Central Bank of the Republic of Armenia
Notes to the 2019 consolidated financial statements
Summary of significant accounting policies (continued)
(b) Basis of measurement
The consolidated financial statements have been prepared under the historical cost convention as modified by the initial
recognition of financial instruments based on fair value, and by the revaluation of financial assets at fair value through
other comprehensive income, and financial instruments categorised at fair value through profit or loss, including
derivative financial instruments. The principal accounting policies applied in the preparation of these consolidated
financial statements are set out below. These policies have been consistently applied to all the periods presented, unless
otherwise stated.
(c)
Form of presentation of the financial statements
In exceptional circumstances detailed disclosure of the information about the operations which occur in the respective
reporting period may lead to a loss of confidence spreading through the financial system of the Republic of Armenia as
a whole. Accordingly, although the financial effects of such operations will be included into the consolidated financial
statements of the Group, the Group may provide only limited disclosure in respect of such types of operations.
(d)
Functional and presentation currency
The national currency of the Republic of Armenia is the Armenian Dram ("AMD"), which is the Group's functional currency
and the currency in which these consolidated financial statements are presented. All financial information presented in
AMD has been rounded to the nearest thousand unless otherwise indicated.
(e) Use of estimates and judgments
In the process of applying the Group's accounting policies, management has used its judgments and made estimates in
determining the amounts recognised in the consolidated financial statements. The most significant use of judgments and
estimates are as follows:
Fair value
Where the fair values of financial assets and financial liabilities recorded in the consolidated statement of financial position
cannot be derived from active markets, they are determined using a variety of valuation techniques that include the use
of mathematical models. The input to these models is taken from observable markets where possible, but where this is
not feasible, a degree of judgment is required in establishing fair values.
Assessment of impairment
The measurement of impairment losses across all categories of financial assets requires judgement, in particular, the
estimation of the amount and timing of future cash flows and collateral values when determining impairment losses and
the assessment of a significant increase in credit risk.

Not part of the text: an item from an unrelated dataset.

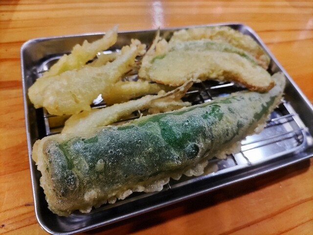 生ピーマン包み・串揚げ(玉葱・アスパラ・レンコン・椎茸)

These estimates are driven by a number of factors, changes in
which can result in different levels of allowances. The Group's expected credit losses ("ECL") calculations are outputs of
complex models with a number of underlying assumptions regarding the choice of variable inputs and their
interdependencies. Elements of the ECL models that are considered accounting judgements and estimates include:
The Group's internal credit grading model, which assigns PDs to the individual grades;
The Group's criteria for assessing if there has been a significant increase in credit risk and so allowances for
financial assets should be measured on a lifetime ECL ("LTECL") basis and the qualitative assessment;
Development of ECL models, including the various formulae and the choice of inputs;
Determination of associations between macroeconomic scenarios and, economic inputs, such as unemployment
levels and collateral values, and the effect on probability of defaults ("PD"), exposure at defaults ("EAD") and loss
given defaults (LGD);
Selection of forward-looking macroeconomic scenarios and their probability weightings, to derive the economic
inputs into the ECL models.
Transactions with related parties
In the normal course of business the Group enters into transactions with its related parties. IFRS 9 requires initial
recognition of financial instruments based on their fair values. Judgement is applied in determining if transactions are
priced at market or non-market interest rates, where there is no active market for such transactions. The basis for
judgment is pricing for similar types of transactions with unrelated parties and effective interest rate analysis. Terms and
conditions of related party balances are disclosed in Note 27.